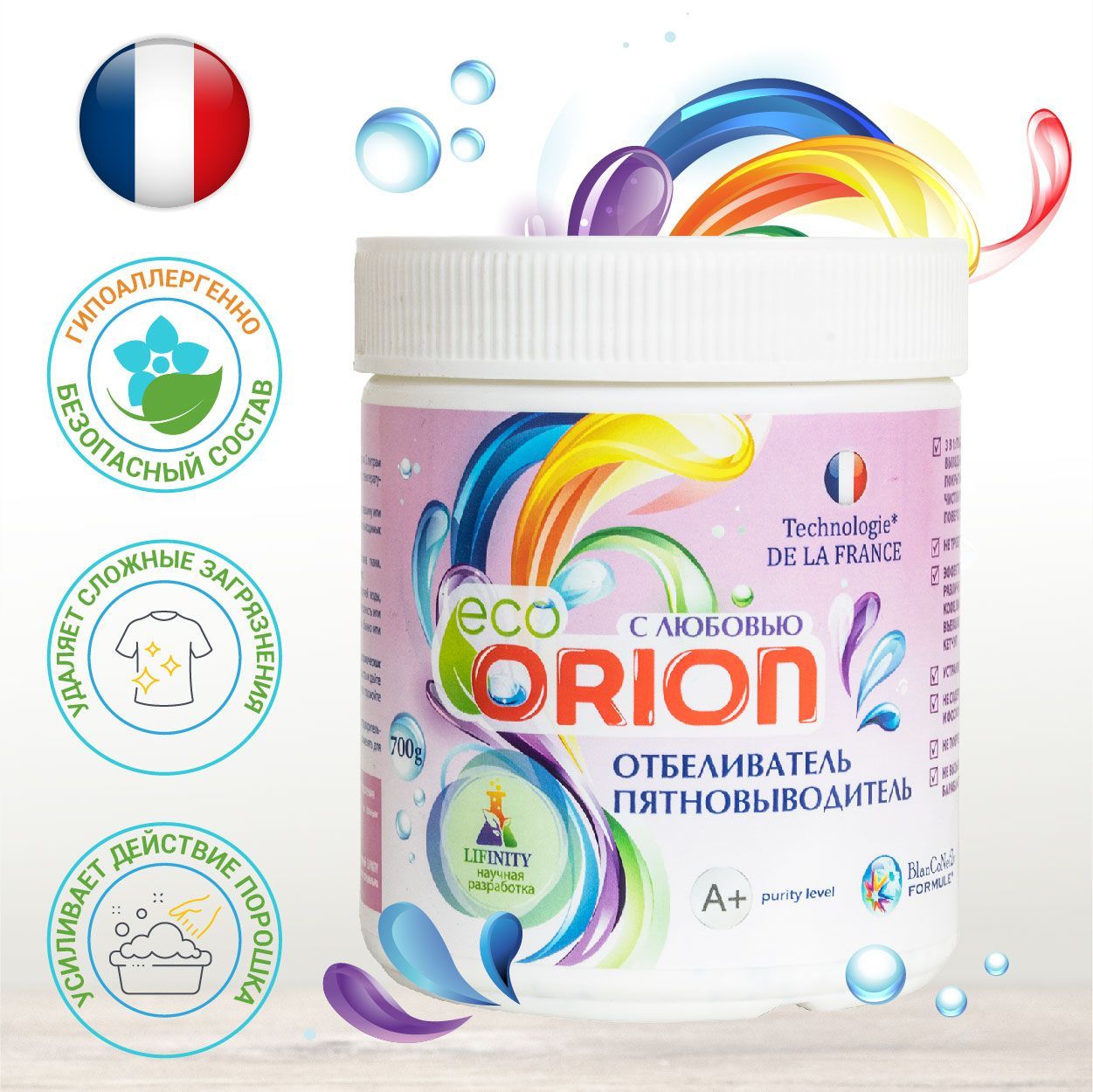 Сухой отбеливатель-пятновыводитель ORION белоснежный результат с каждой стиркой, 700 гр
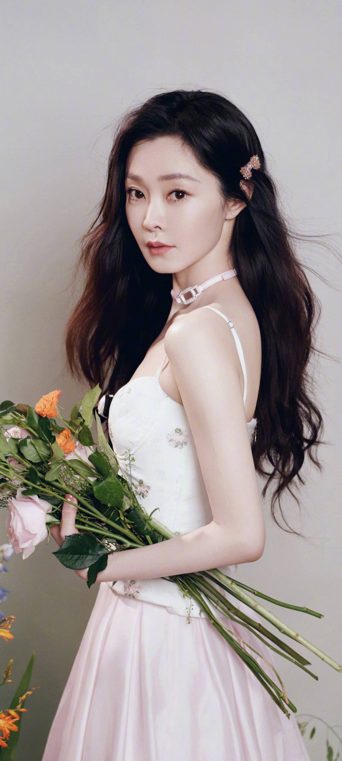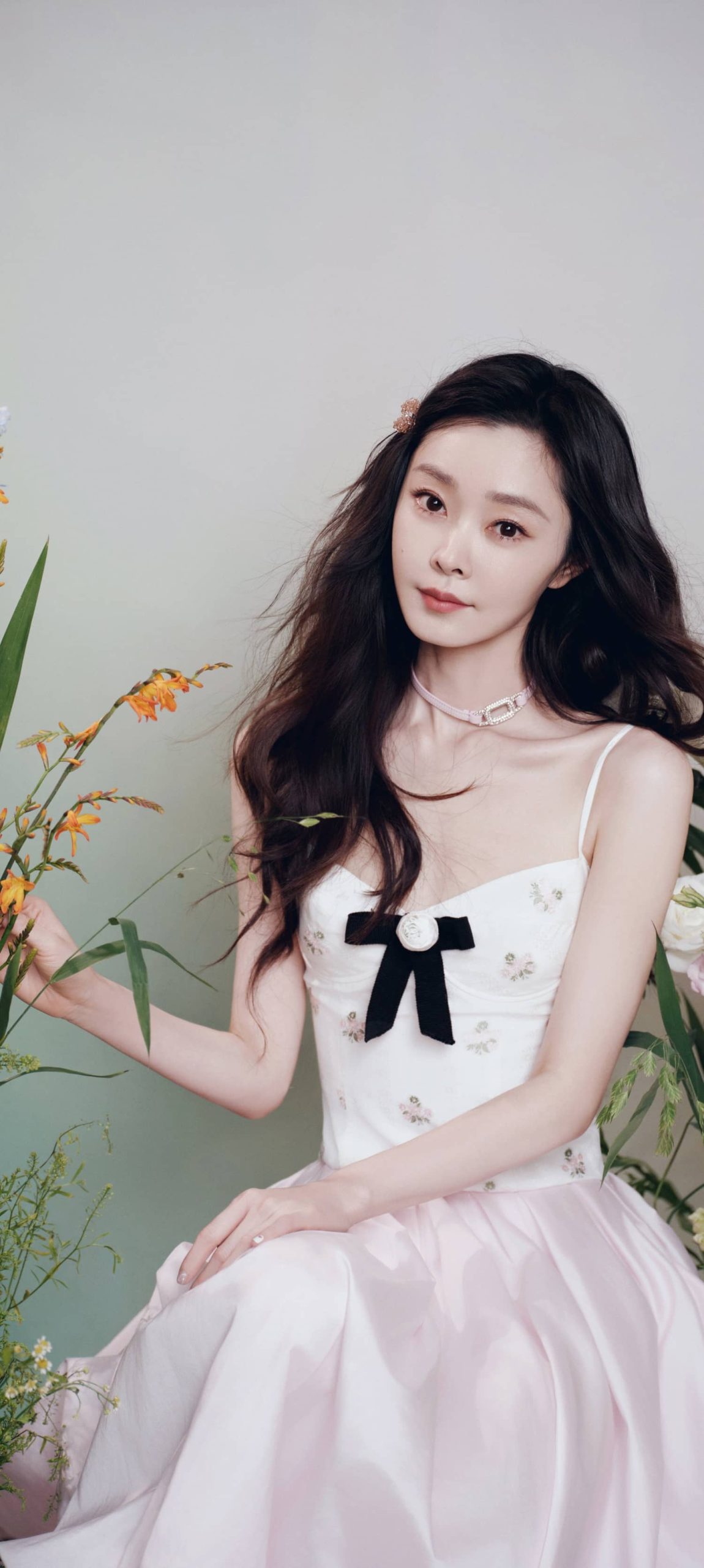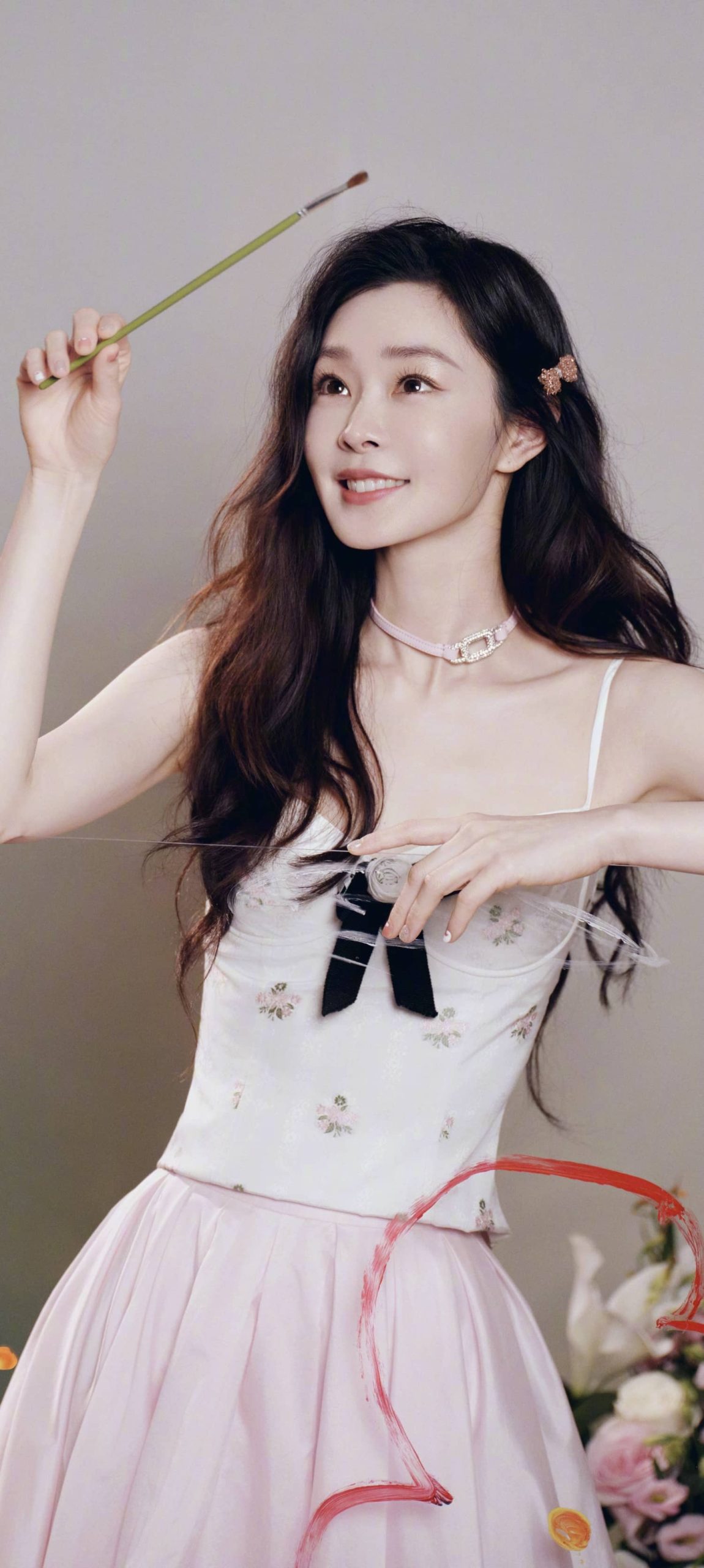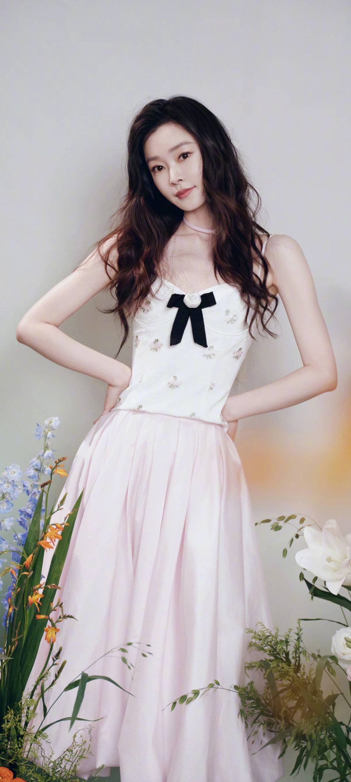 宋轶穿搭壁纸,长发吊带裙,今日份甜度满格
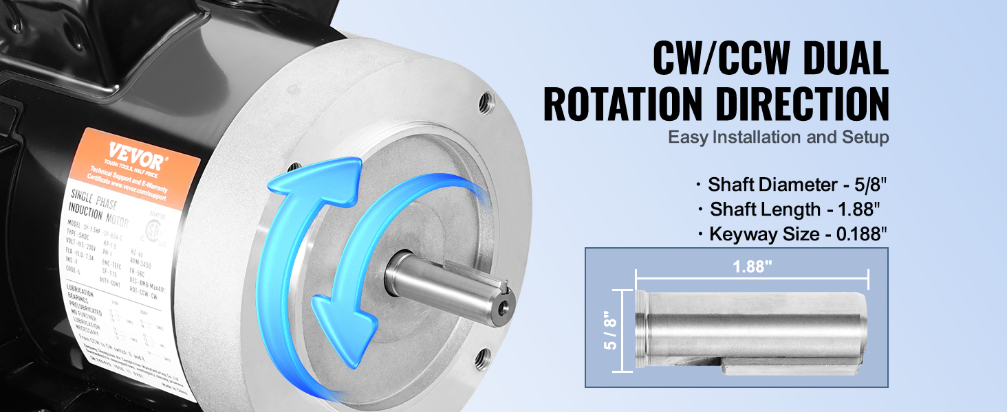 Dual Rotation Direction: Our electric motor offers reversible CW/CCW rotation, simplifying wiring installation and providing quick, versatile connections for various applications.
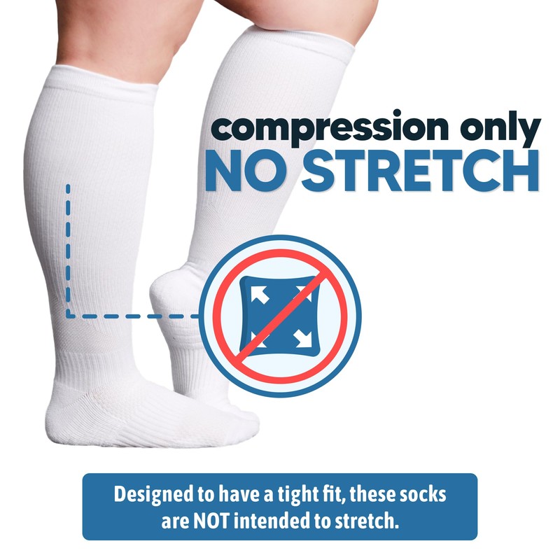 - KNEE HIGH COMPRESSION SOCKS FOR MEN AND WOMEN : Fits calf sizes up to 18 inches comfortably with a mild graduated compression. Designed for ease of use. Ideal for travel and flights provideing excellent

__What the task requires__
Restate word for word each line from the top of the listing down to and including the line that holds "Dual Rotation Direction: Our". Drop any pictures.

__Written solution__
 Сухой отбеливатель-пятновыводитель ORION белоснежный результат с каждой стиркой, 700 гр
 宋轶穿搭壁纸,长发吊带裙,今日份甜度满格
 Dual Rotation Direction: Our electric motor offers reversible CW/CCW rotation, simplifying wiring installation and providing quick, versatile connections for various applications.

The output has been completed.